A Conversation with Mark Stinde of 7-Eleven
EDITOR’S NOTE: Mark Stinde is vice president of asset protection for 7-Eleven, Inc. He has over 24 years of experience in loss prevention, safety, and store operations management roles for various retailers, including Circuit City, Sears Holdings, The Home Depot, Toys”R”Us, and others. Stinde serves on the Asset Protection Leadership Council for the Retail Industry Leaders Association and the editorial board of LP Magazine, and has been active in many other LP trade organizations.
EDITOR: I’m sure most of our readers have visited a 7-Eleven store at some point, if not on a daily basis. How widespread is 7-Eleven today?

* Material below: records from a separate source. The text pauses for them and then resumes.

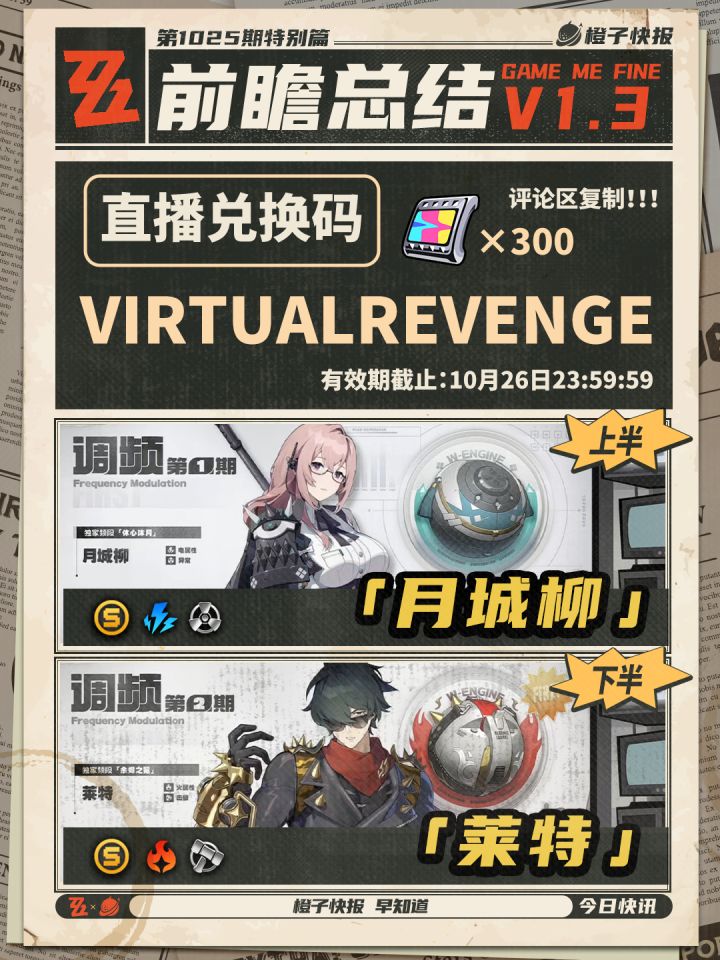 UID:15024695大家好!这里是小橙子阿!今日是《橙子快报》特别篇-1.3前瞻总结新的版本即将到来!!!这里橙子把所新版本活动都总结了一遍!内容包含前瞻兑换码:VIRTUALREVENGE本攻略适用版本:v1.3丨虚拟杀机#绝区零 #绝区零攻略 #绝区零火狱骑行 #绝区零狱火骑行打卡 #游戏种草计划 #绝区零前瞻
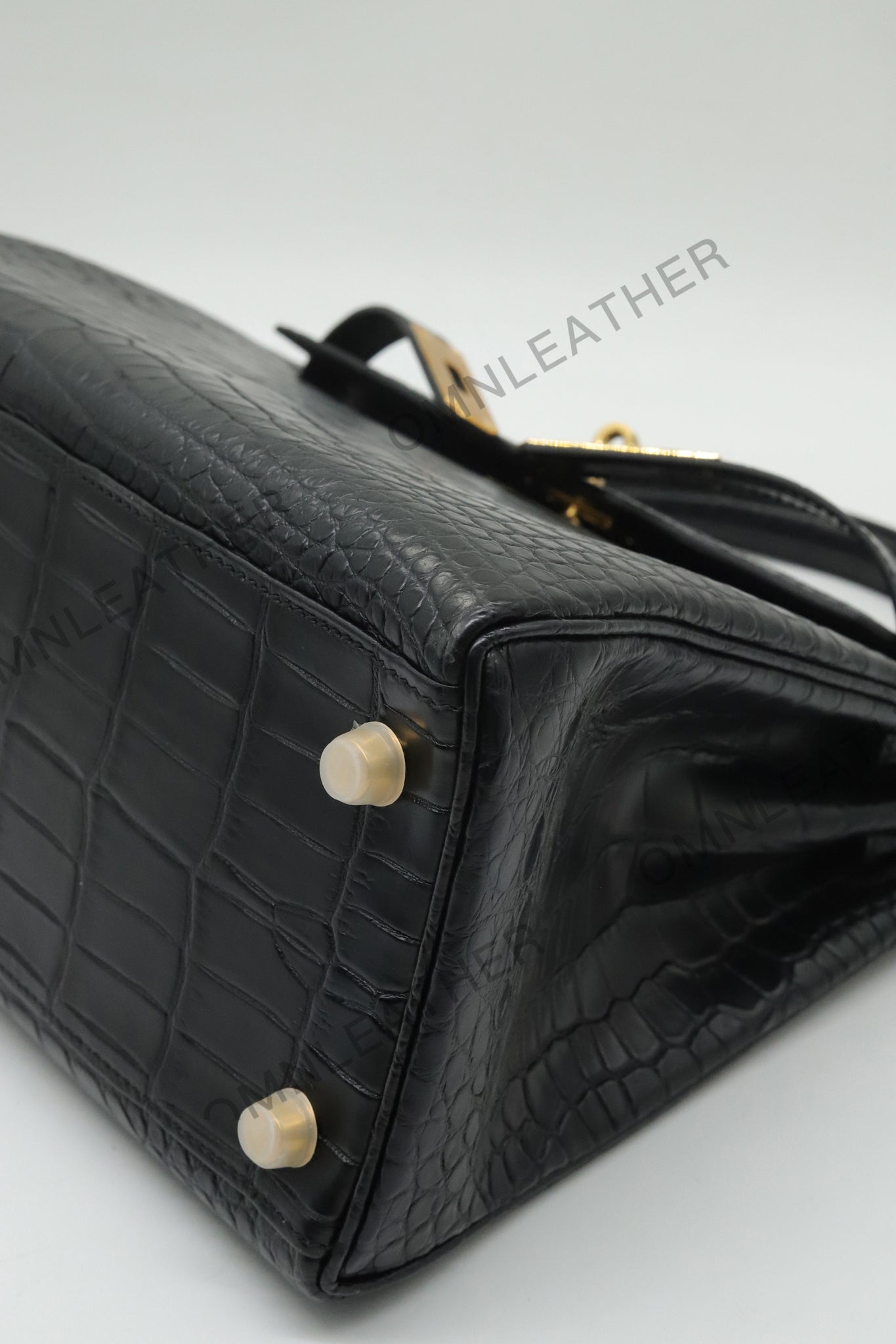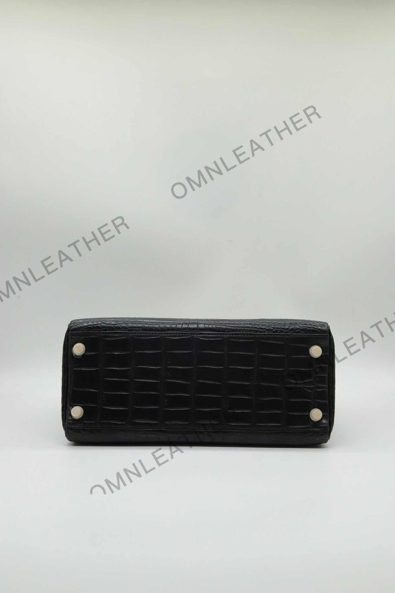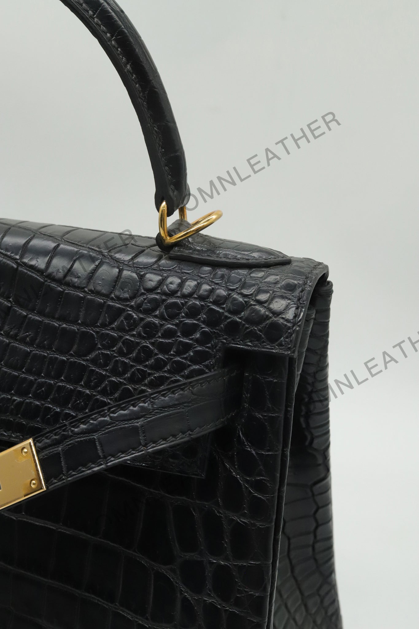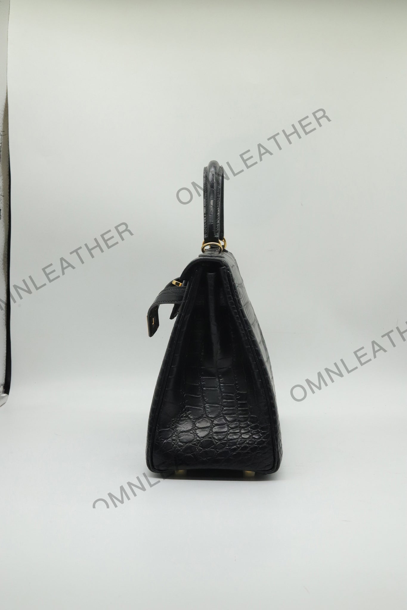 Verona 28 Kelly Style Opaque Saltwater Croc Leather Black Color Gold Hardware
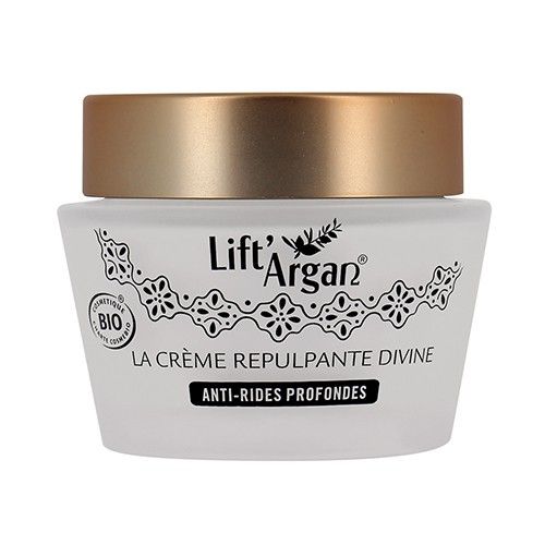 La crème repulpante Divine anti-rides profondes Lift'Argan est un soin à la texture velours, qui nourrit immédiatement les peaux matures pour une double action : comblement des rides et fermeté.
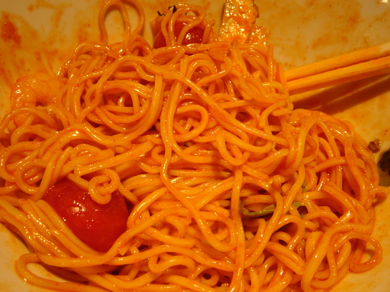 ♪いたこのイタ郎〜♪と同世代にしかわからないような古い歌を歌いながら注文するのは「イタ郎レギュラー」750円。「ぎ郎専門店」ではあるがそのバリエーションの豊富さには驚かされる。しかも、ラーメン店にある「醤油・塩・味噌」というラインアップではなく、カレー、カルボ郎、イタ郎、(その他多数)なんていうメニュー構成だから中華麺を使った麺料理店とも言えるか?(^^; イタ郎はなんとなくカルボ郎に刻みトマトが入ったもの、というイメージで居たが意外と個性があってうまい。休日出社時は田丸に行くことが多かったが最近はこちらが多い。
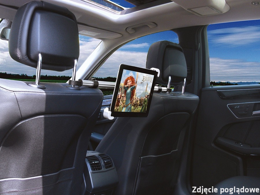 Opis produktu: Samochodowy uchwyt uniwersalny do tabletów montowany pomiędzy siedzeniami do wsporników zagłówka w fotelu kierowcy i pasażera. Regulowana długość ramienia pozwala na zamontowanie uchwytu praktycznie w każdym samochodzie.Szeroki zakres
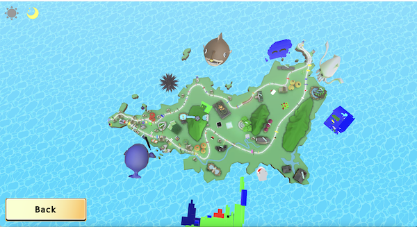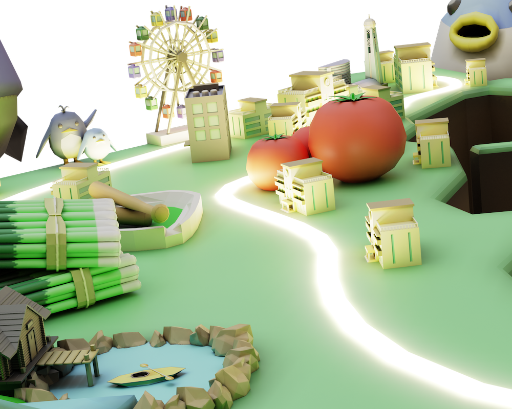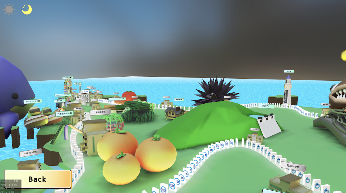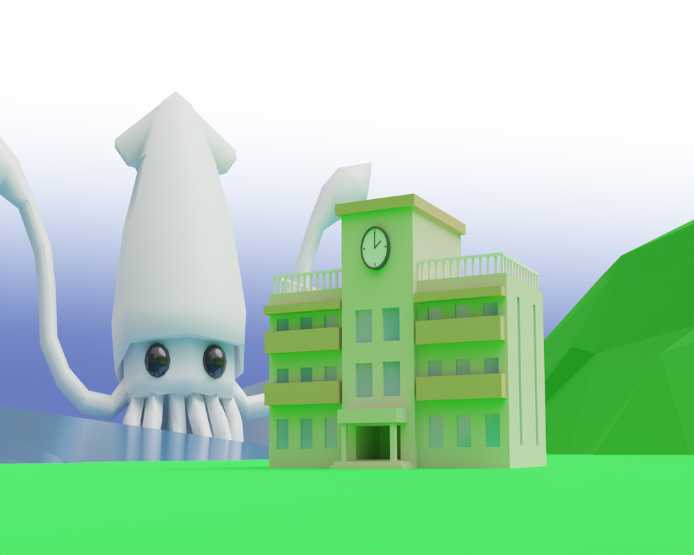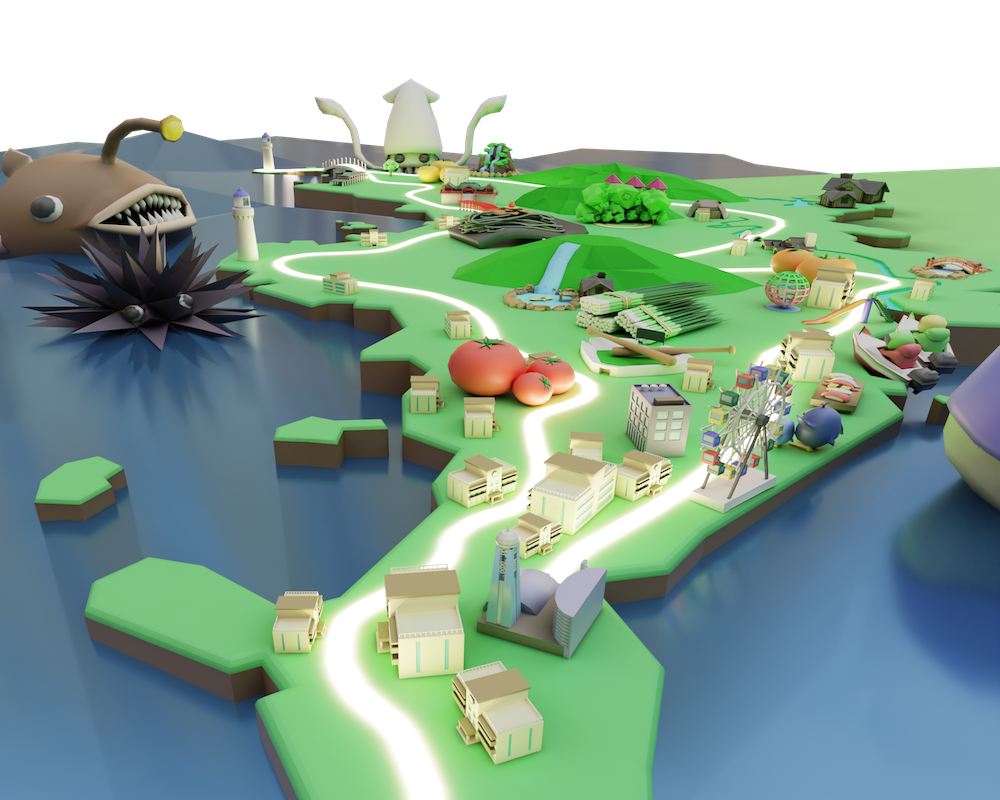 今回のプロジェクトでは、企画を担当していた下関拠点メンバーから、「下関市の全ての中学校から学生が参加するというイベントなので、全ての学校を入れ込んだフィールドを作りたい」という要望がありました。、それを踏まえて、下関市内の名産品や下関市の中学校をモチーフにした3Dデータを作成しました。
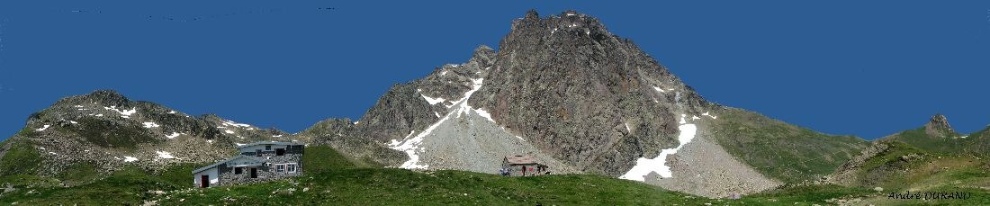 Pic et col de Peyreget, petit et grand pic du Midi d'Ossau avec la pointe d'Aragon qui semble être le point culminant et au premier plan, le refuge de Pombie.

STINDE: The brand of 7-Eleven has grown to over 50,000 stores worldwide in sixteen countries. In the United States and Canada, which is specifically my area of responsibility, we have more than 8,000 stores. Just last year we grew by close to 1,000 stores. Obviously, we have a heavy focus on convenience. However, our goal is not only to be the best convenience-store retailer in the world, but also the best retail company in the world. We are known as a beacon in the night for our customers, or guests as we call them, who are looking for a place to get a cup of coffee, a cold drink, or something good to eat at any time of the day or night.
EDITOR: Who are your typical customers?
STINDE: For some guests, we’re their neighborhood grocery store. For others, we’re just that convenient place where they get a meal, a cold drink, gasoline, or a Slurpee® beverage.
EDITOR: Ah, the Slurpee. What’s the story behind that?
STINDE: Years ago, the owner of one of our stores had the idea that if he took the syrup that is used to make fountain drinks and chilled it, that it would freeze and make a great product. He tried it actually using a car air-conditioning unit the first time, and it worked. That product is what we know as the Slurpee today.
EDITOR: Before we go in-depth into your current role, tell our readers how you got into loss prevention originally?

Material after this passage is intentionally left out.